Top of EXCERPTED RECORDS

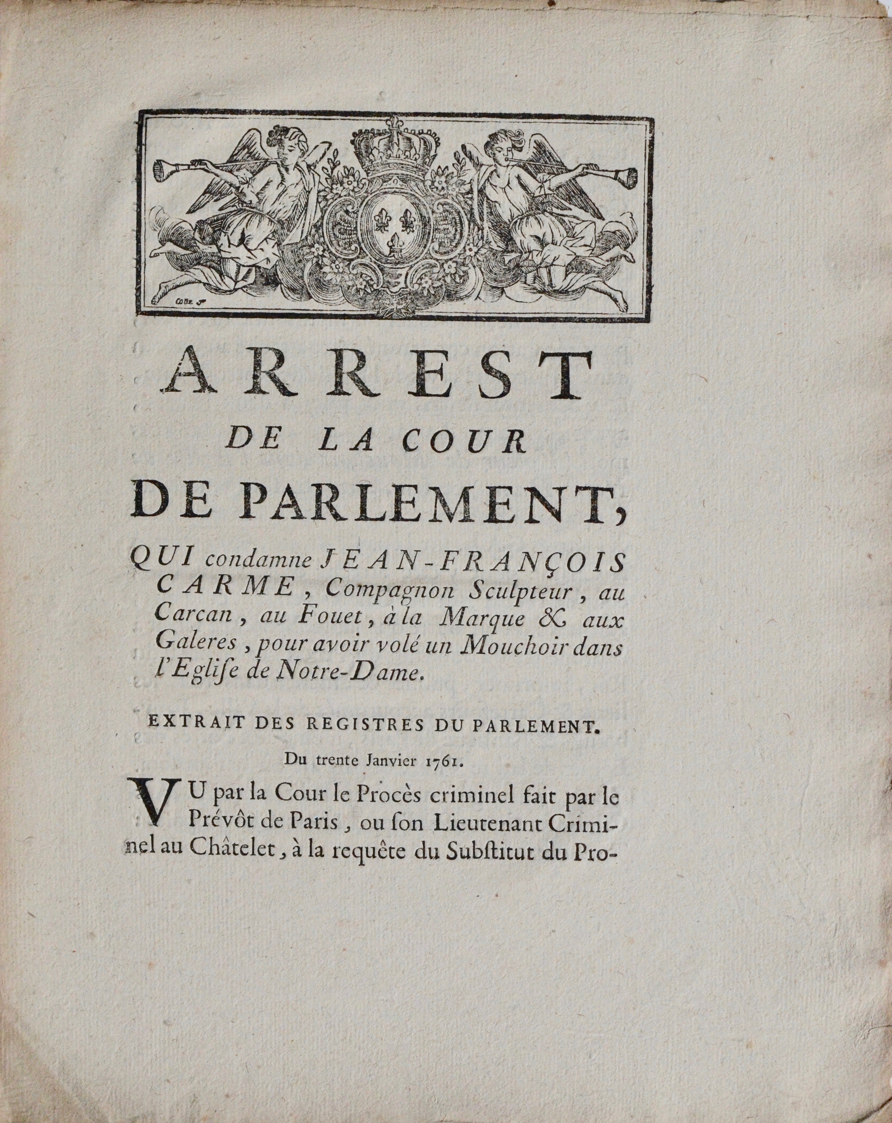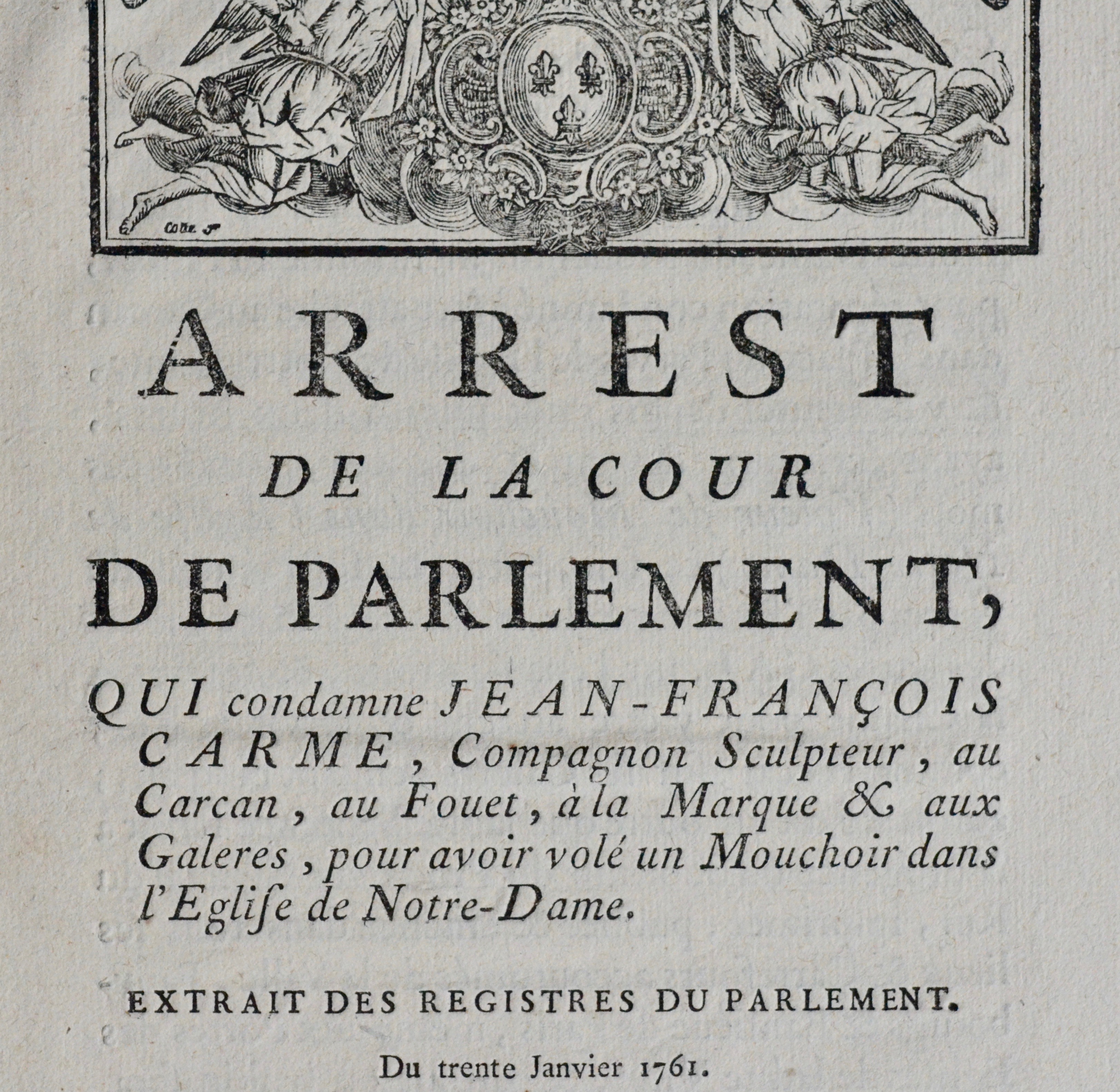 "Arrest de la cour de parlement qui condamne Jean-François Carme, compagnon sculpteur, au Carcan, au Fouet, à la Marque & aux Galères, pour avoir volé un Mouchoir dans l'Eglise de Notre-Dame".
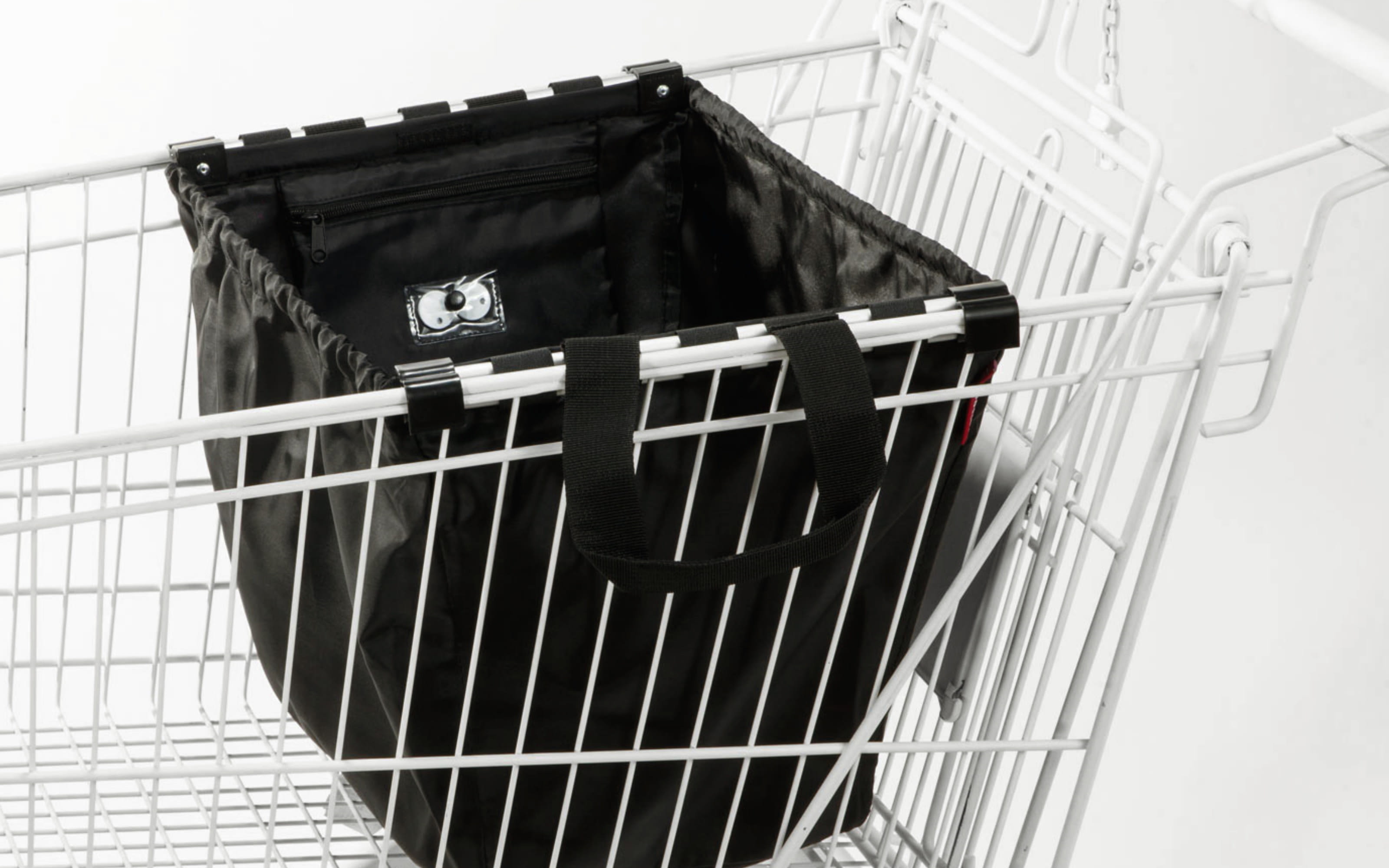 Die Easyshopping Bag lässt sich ganz einfach durch seine 2 stabilen Einhängestangen in den Einkaufswagen hängen.
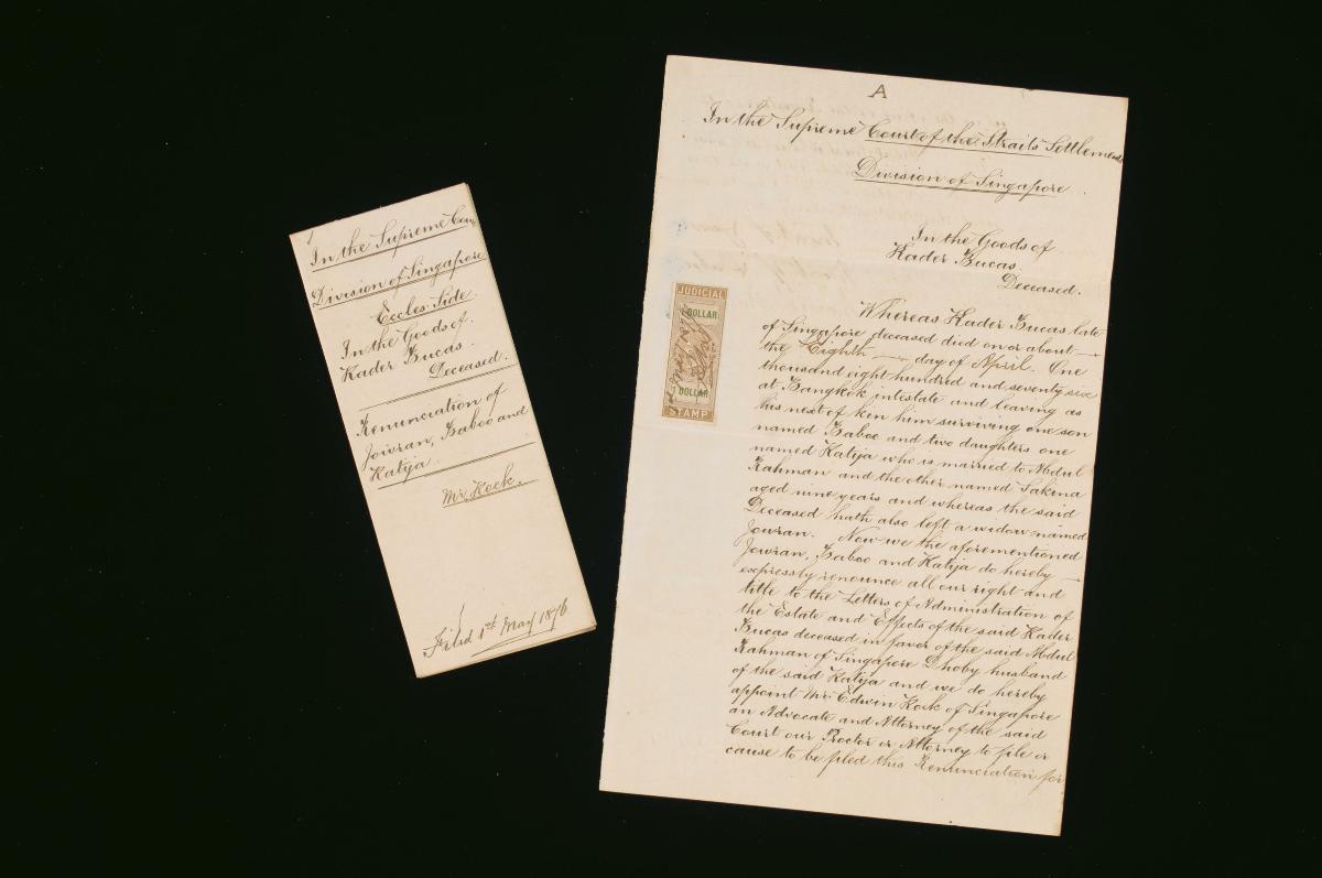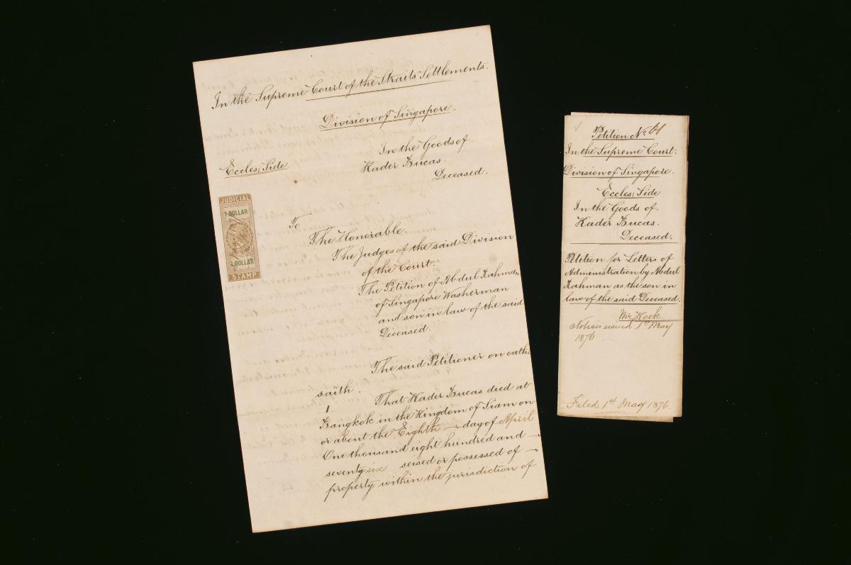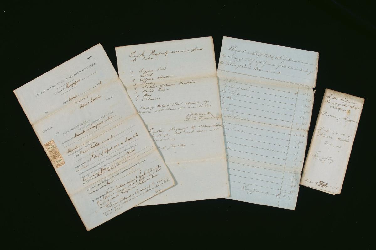 This is an account of the reclaimed property of Kader Bucas taken from Palee, among others which the administrator had been unable to secure. It is part of a collection of legal documents from the 19th and early 20th centuries which provides a glimpse into the work of the notable personalities who left their mark on Singapore’s legal history, and the economic and other transactions undertaken by ordinary immigrants in 19th century Singapore that tell stories of misfortune and indebtedness which would otherwise have disappeared from history.
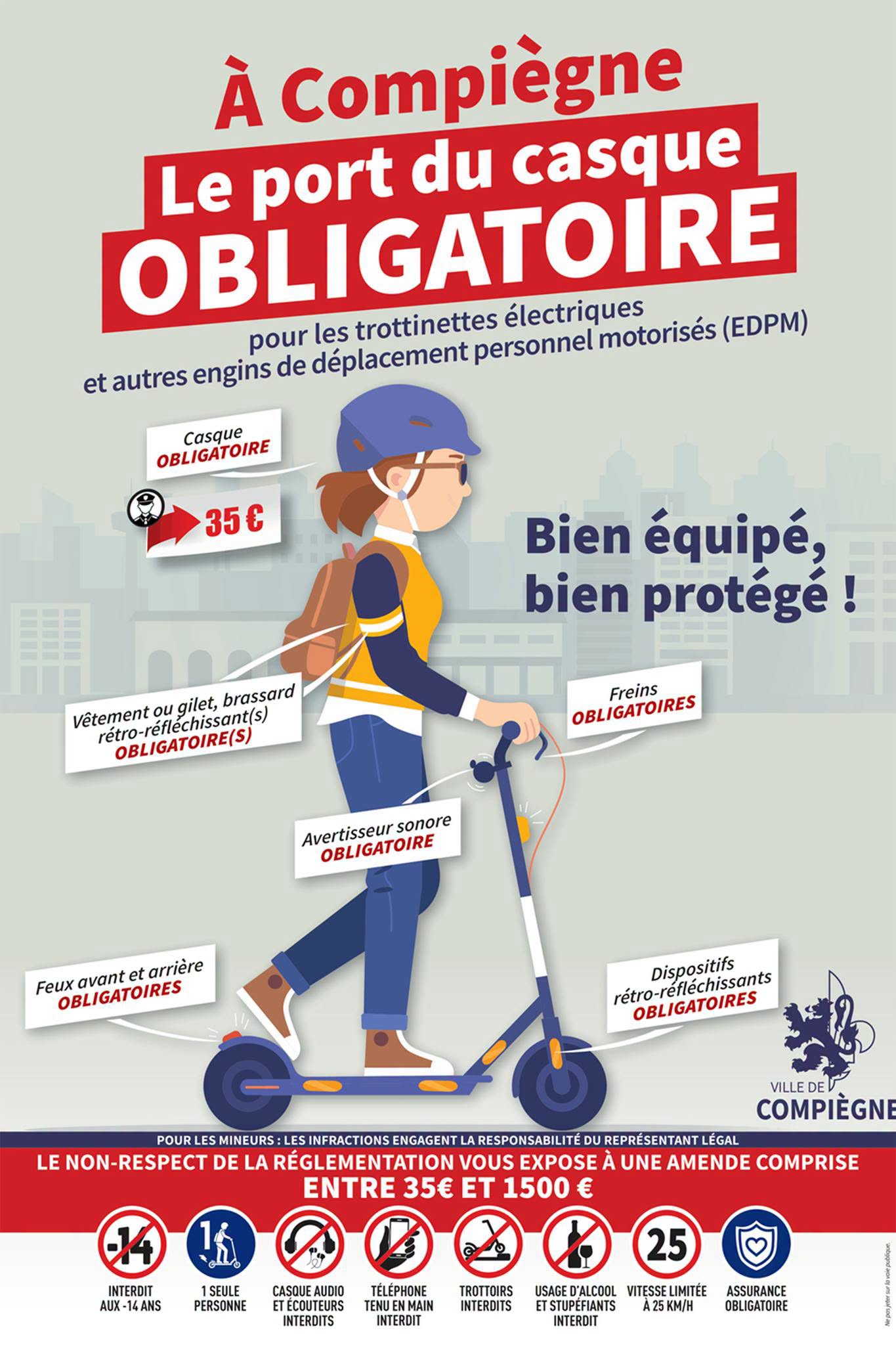 ⛑️🛴À Compiègne le port du casque est obligatoire, pour les déplacements en trottinette. En plus des autres accessoires obligatoires, de l’assurance, et de l’obligation de rouler à 25 km/h max. Le débridage est strictement interdit ! #roulerentrotinette
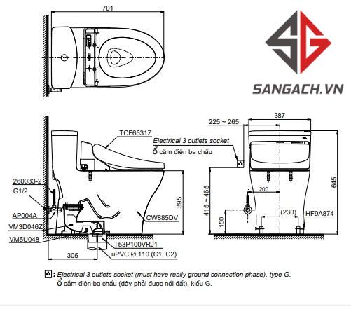 - Bồn cầu TOTO nắp điện tử Washlet TCF6531Z (220V)
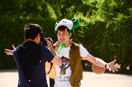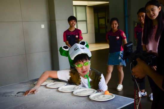 在节目组拍摄过程中,我校小雨点话剧社、幻醒旅团动漫社、魔术社、逆光滑板社、酷跑社、快闪社、国球社等社团成员也参与其中,给节目组提供道具、担任拍摄助理、配合主持人完成任务等等。在“寻找勇士”环节中,扮演小雨点的主持人在食堂随机找到一位正在买饭的女同学,奇怪的装扮和“你是不是蛙国勇士”的“突兀”开场白并没有吓到她,反而迅速进入角色。主持人感叹道:这个学校的学生太不一般。而在“你画我猜”环节,我校幻醒旅团动漫社的同学作为“场外帮助嘉宾”,三两笔就画出了复杂的动漫人物,栩栩如生的画作又给主持人留下了深刻印象,连忙伸出大拇指夸赞:“不愧是金年金字招牌诚信至上的学生!太牛!”

Bottom of EXCERPTED RECORDS

#### [WHAT THE TASK ASKS]
Each record is to be written out exactly. No picture goes in.

#### [PROBLEM SOLUTION]
 "Arrest de la cour de parlement qui condamne Jean-François Carme, compagnon sculpteur, au Carcan, au Fouet, à la Marque & aux Galères, pour avoir volé un Mouchoir dans l'Eglise de Notre-Dame".
 Die Easyshopping Bag lässt sich ganz einfach durch seine 2 stabilen Einhängestangen in den Einkaufswagen hängen.
 This is an account of the reclaimed property of Kader Bucas taken from Palee, among others which the administrator had been unable to secure. It is part of a collection of legal documents from the 19th and early 20th centuries which provides a glimpse into the work of the notable personalities who left their mark on Singapore’s legal history, and the economic and other transactions undertaken by ordinary immigrants in 19th century Singapore that tell stories of misfortune and indebtedness which would otherwise have disappeared from history.
 ⛑️🛴À Compiègne le port du casque est obligatoire, pour les déplacements en trottinette. En plus des autres accessoires obligatoires, de l’assurance, et de l’obligation de rouler à 25 km/h max. Le débridage est strictement interdit ! #roulerentrotinette
 - Bồn cầu TOTO nắp điện tử Washlet TCF6531Z (220V)
 在节目组拍摄过程中,我校小雨点话剧社、幻醒旅团动漫社、魔术社、逆光滑板社、酷跑社、快闪社、国球社等社团成员也参与其中,给节目组提供道具、担任拍摄助理、配合主持人完成任务等等。在“寻找勇士”环节中,扮演小雨点的主持人在食堂随机找到一位正在买饭的女同学,奇怪的装扮和“你是不是蛙国勇士”的“突兀”开场白并没有吓到她,反而迅速进入角色。主持人感叹道:这个学校的学生太不一般。而在“你画我猜”环节,我校幻醒旅团动漫社的同学作为“场外帮助嘉宾”,三两笔就画出了复杂的动漫人物,栩栩如生的画作又给主持人留下了深刻印象,连忙伸出大拇指夸赞:“不愧是金年金字招牌诚信至上的学生!太牛!”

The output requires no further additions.